- [WHAT IS NEEDED]:
After locating the line with "- Instant Hot" in the entries below, set down exactly that line and each one after it to the end, skipping pictures.

RECORDS SUPPLIED section start

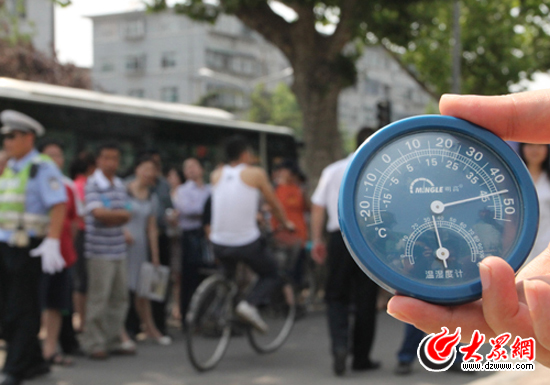 6月8日14:41 濟(jì)南商貿(mào)學(xué)校 見習(xí)記者 馬鑫:烈日下的溫度已達(dá)45攝氏度
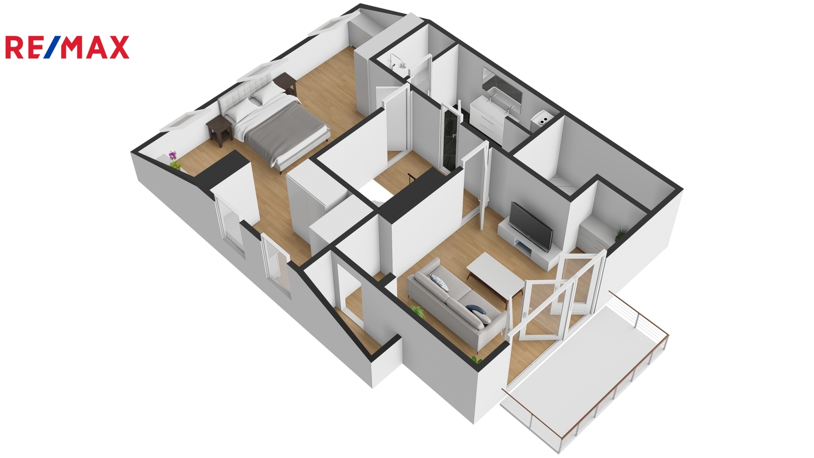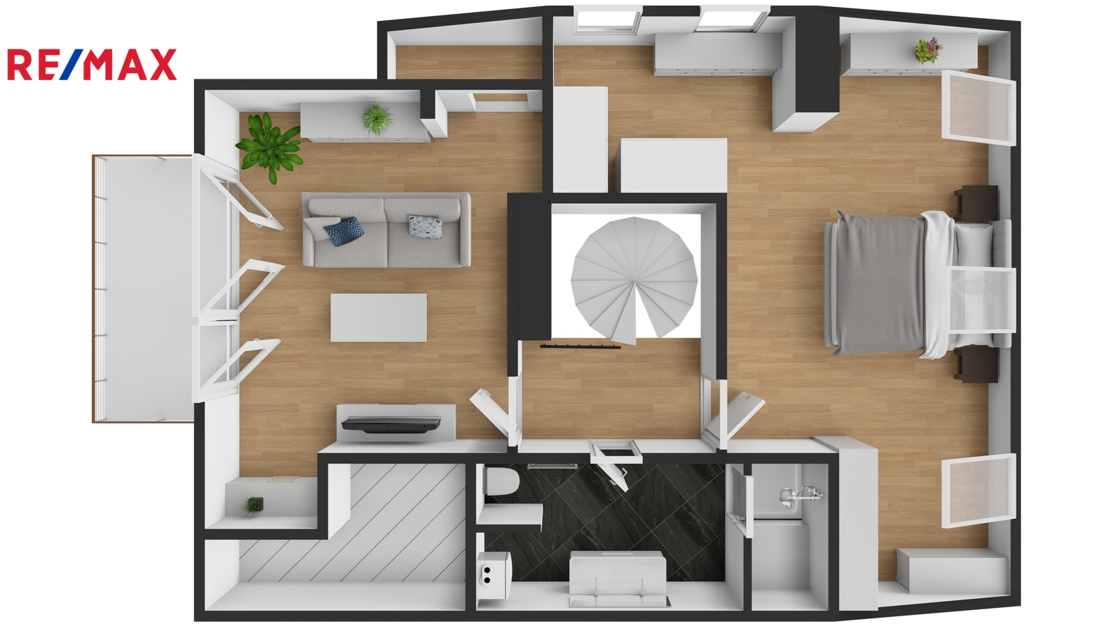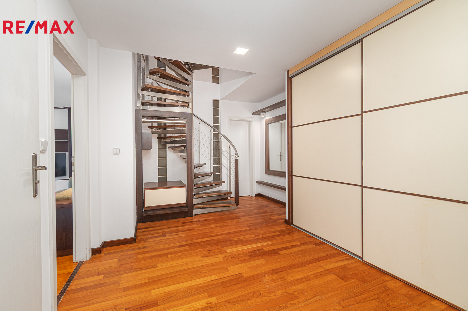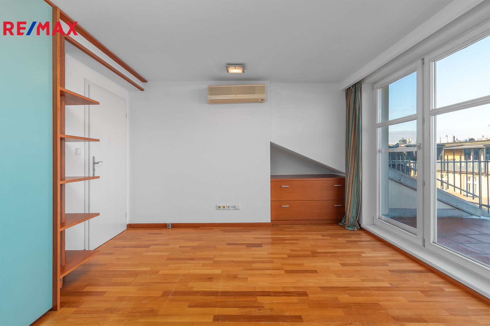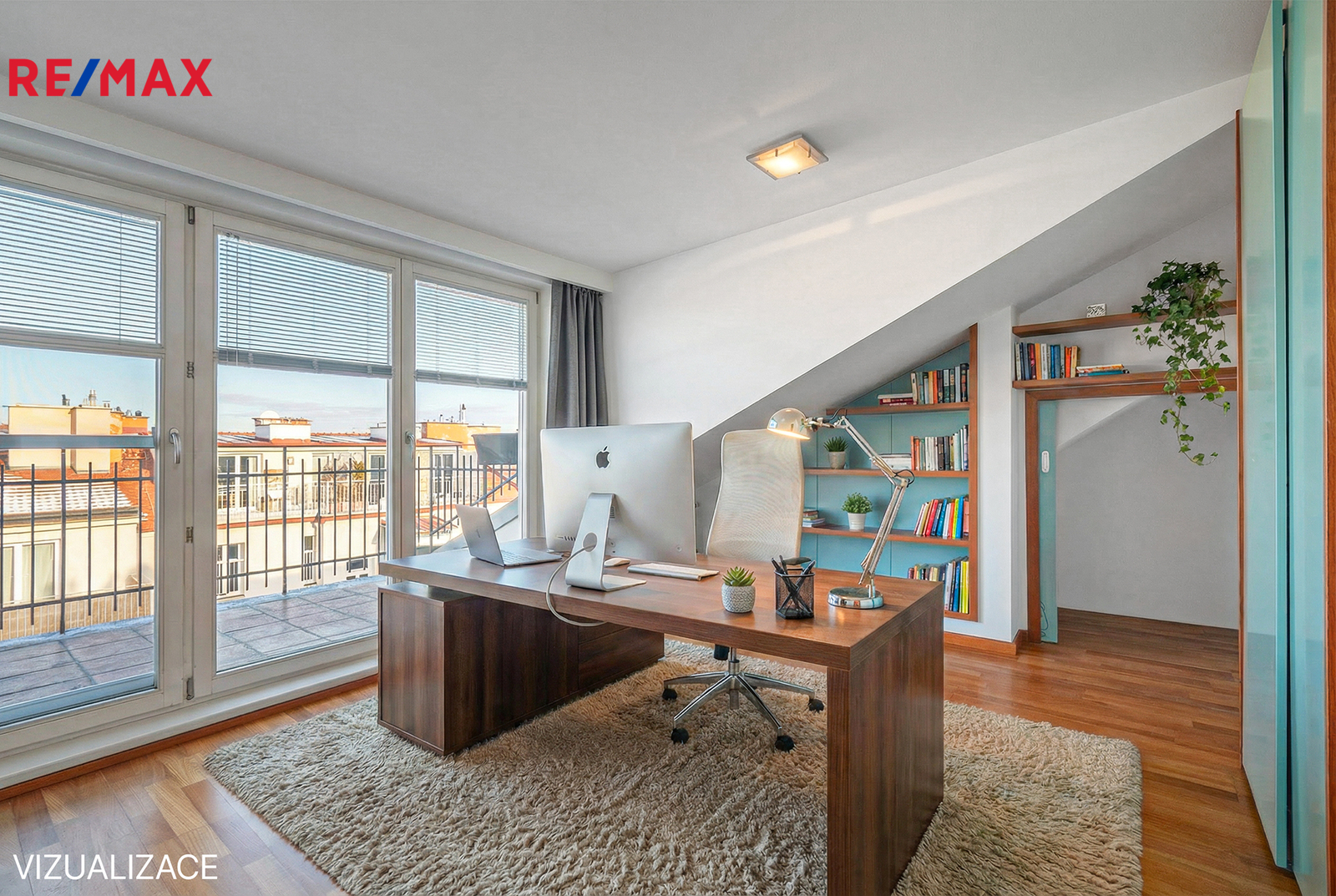 Po schodišti se dostanete do horního patra, které je pojato jako klidová zóna poskytující maximální soukromí a klid. Nachází se zde ložnice se šatnou a další samostatný pokoj, ze kterého je francouzským oknem přímý vstup na terasu, s výhledem do klidného vnitrobloku. Ideálně je tak rozšířen užitný prostor bytu, který se stává místem, kde může den začínat ranní kávou a končit klidným večerním posezením. Maximální pohodlí pak zajišťuje druhá koupelna se sprchovým koutem a toaletou.
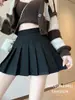 Falda Negra Nueva Otoño e Invierno 2024 Falda Plisada de Cintura Alta Falda Corta Estilo Universitario Lana Brillante Falda Línea A
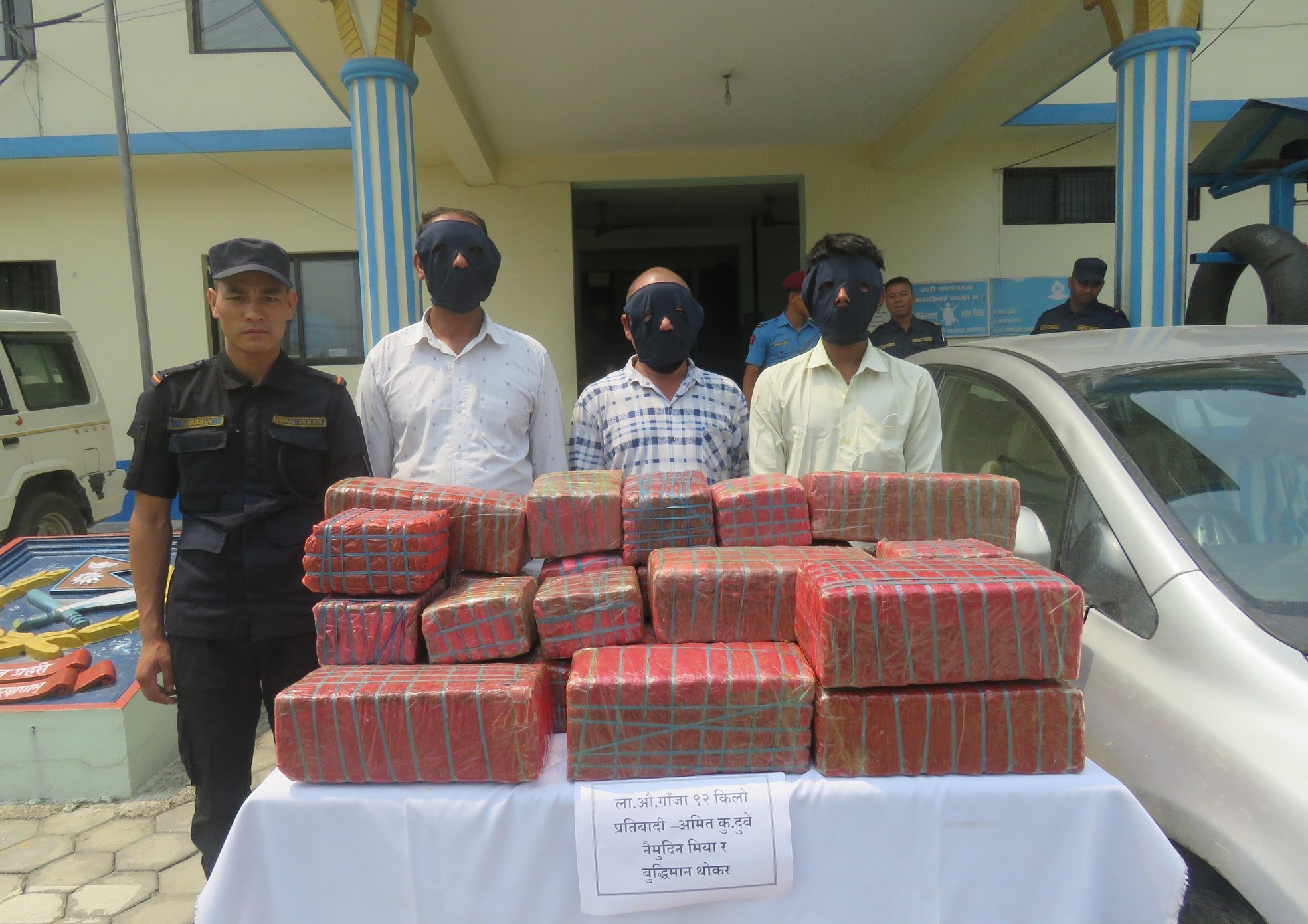बिआर०१बिएन१५१८ नम्बरको भारतिय कारलाई रोकी चेकजांच गर्ने क्रममा कार चालक दुबे, कारमा सवार मियाँ र मकवानपुरका थोकरलाई फेला पारी निजहरुको शरीर तथा उक्त कारको खानतलासी गर्दा कार भित्र पछाडीको सिट पछाडी फल्स बटन बनाई लुकाई छिपाई गरी ल्याएको अवस्थामा लागु औषध गाँजा ९२ किलो ग्राम फेला परेको प्रहरीले जनाएकाे छ ।
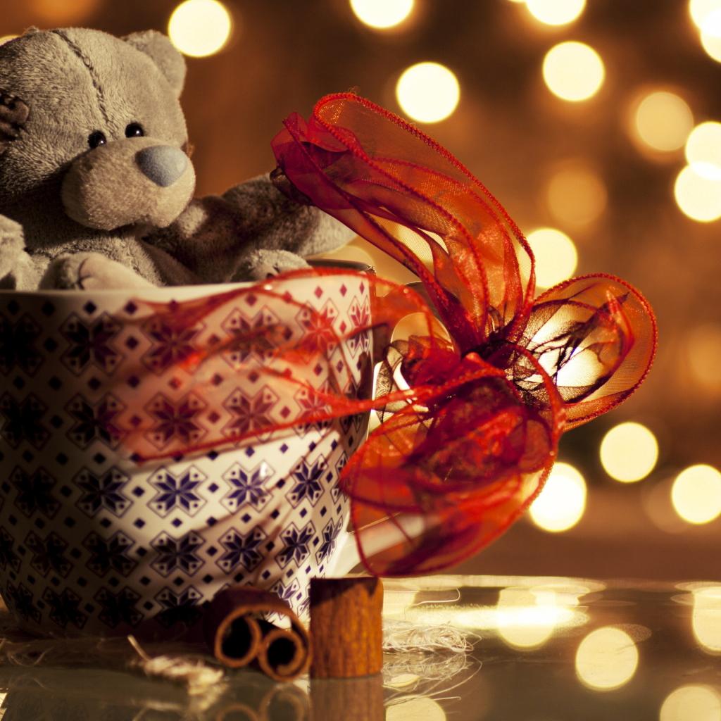 Wallpaper Soft toy bear in a cup with a red bow
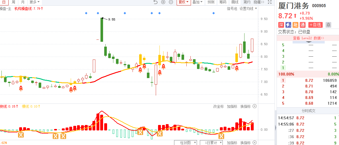 3)厦门港务-四维操盘-近期出现火箭信号且底部量柱由绿转红
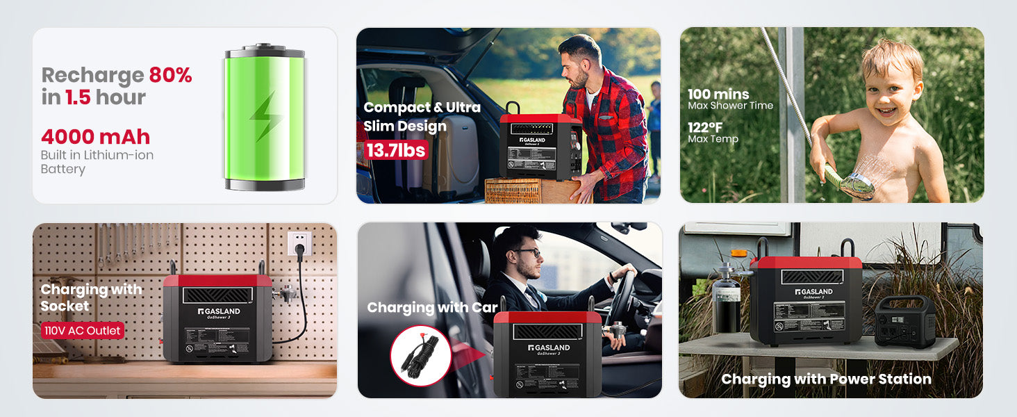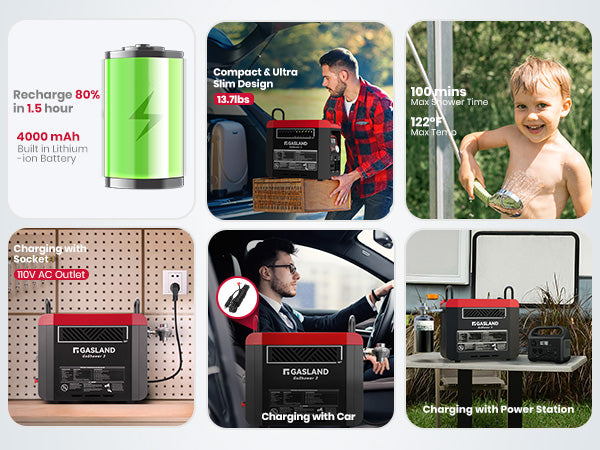 - Instant Hot Water Anywhere – comes with a built-in 4000 mAh rechargeable battery, fully charges in 1.5hr. With a heat capacity of 20,000 BTU, no standby, provides on-demand hot water for showering, washing dishes, or cleaning.
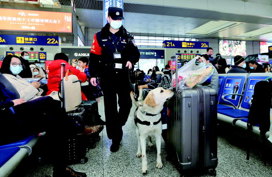 1月28日,上海虹桥火车站派出所民警携警犬在候车大厅巡逻。 新华社记者凡军摄
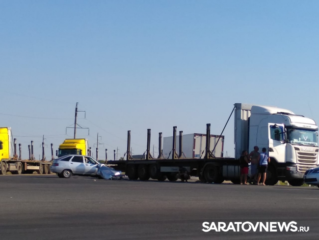 На въезде в Балаково Саратовской области произошло ДТП. ВАЗ-2110 врезался в пустую фуру "Scania". На фото, которые прислали читатели SaratovNews, видно, что два водителя обсуждают случившееся. Очевидно, пострадавших нет, делает вывод автор фото.
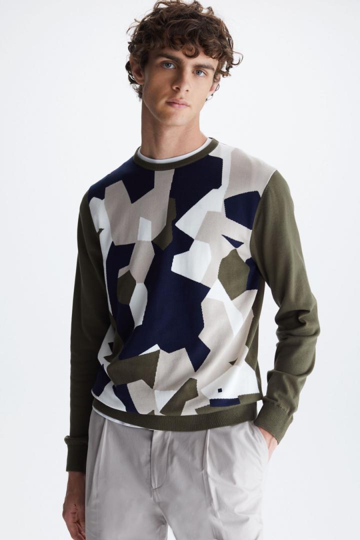 Hombre Purificacion Garcia JERSEY ALGODON PIMA CAMUFLAJE Verde Caqui/Azul Marino/Blanco | Punto
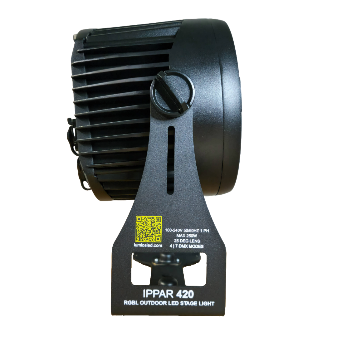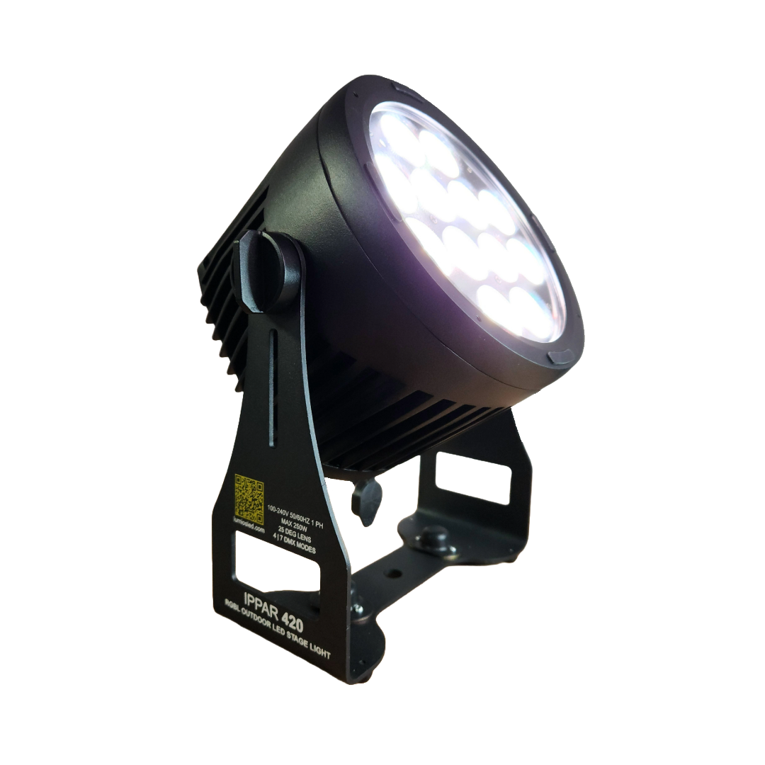 The IPPAR 420 is a flexible 240W IP rated LED wash fixture that delivers full-spectrum color with RGB+Lime LEDs. The optical system allows 25° or 40° beam angle operation by using an optional quick-mount magnetic diffuser lens. Ideal for indoor or outdoor professional lighting.
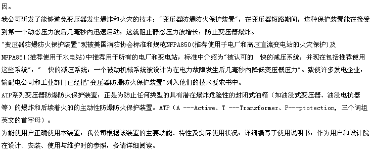 ATP型变压器防爆防火保护装置
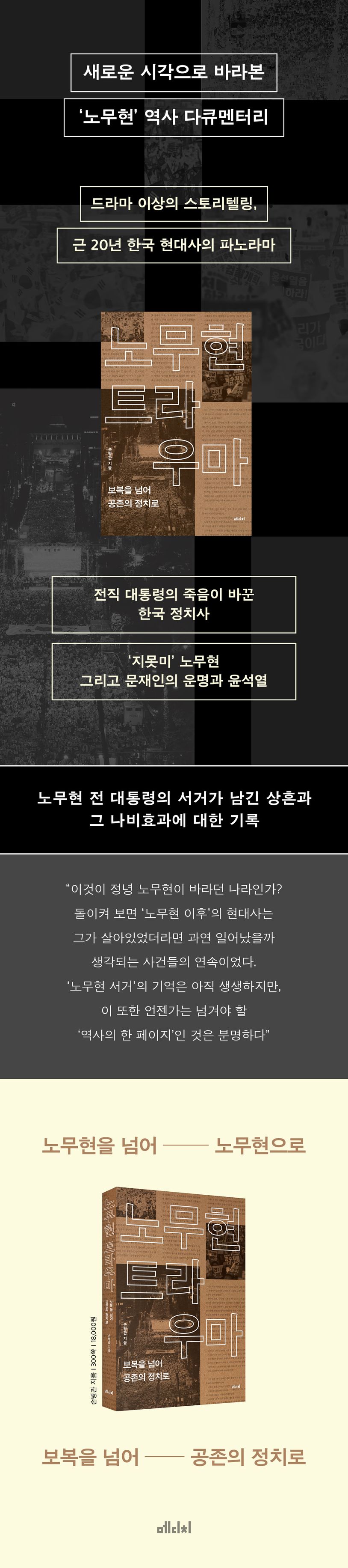 《노무현 트라우마》는 바로 이 지점, 노 전 대통령 서거가 남긴 상흔을 되짚어 본다. 이 책은 ‘노무현을 지켜주지 못했다’는 지지자들의 죄책감이 우상에 대한 열광과 적폐에 대한 단죄로 반복적으로 발현되면서 정치가 선악이 맞서는 경기장으로 전락했다는 저자의 문제의식에서 출발한다. 다시 말해 이 책은 노 전 대통령이 죽음에 이르게 된 과정과 그것이 대중에게 일으킨 의식의 변화, 그리고 이로 인해 파생된 나비 효과에 대한 관찰기를 다룬 첫 책이다.

RECORDS SUPPLIED section end

- [WRITTEN ANSWER]:
 - Instant Hot Water Anywhere – comes with a built-in 4000 mAh rechargeable battery, fully charges in 1.5hr. With a heat capacity of 20,000 BTU, no standby, provides on-demand hot water for showering, washing dishes, or cleaning.
 1月28日,上海虹桥火车站派出所民警携警犬在候车大厅巡逻。 新华社记者凡军摄
 На въезде в Балаково Саратовской области произошло ДТП. ВАЗ-2110 врезался в пустую фуру "Scania". На фото, которые прислали читатели SaratovNews, видно, что два водителя обсуждают случившееся. Очевидно, пострадавших нет, делает вывод автор фото.
 Hombre Purificacion Garcia JERSEY ALGODON PIMA CAMUFLAJE Verde Caqui/Azul Marino/Blanco | Punto
 The IPPAR 420 is a flexible 240W IP rated LED wash fixture that delivers full-spectrum color with RGB+Lime LEDs. The optical system allows 25° or 40° beam angle operation by using an optional quick-mount magnetic diffuser lens. Ideal for indoor or outdoor professional lighting.
 ATP型变压器防爆防火保护装置
 《노무현 트라우마》는 바로 이 지점, 노 전 대통령 서거가 남긴 상흔을 되짚어 본다. 이 책은 ‘노무현을 지켜주지 못했다’는 지지자들의 죄책감이 우상에 대한 열광과 적폐에 대한 단죄로 반복적으로 발현되면서 정치가 선악이 맞서는 경기장으로 전락했다는 저자의 문제의식에서 출발한다. 다시 말해 이 책은 노 전 대통령이 죽음에 이르게 된 과정과 그것이 대중에게 일으킨 의식의 변화, 그리고 이로 인해 파생된 나비 효과에 대한 관찰기를 다룬 첫 책이다.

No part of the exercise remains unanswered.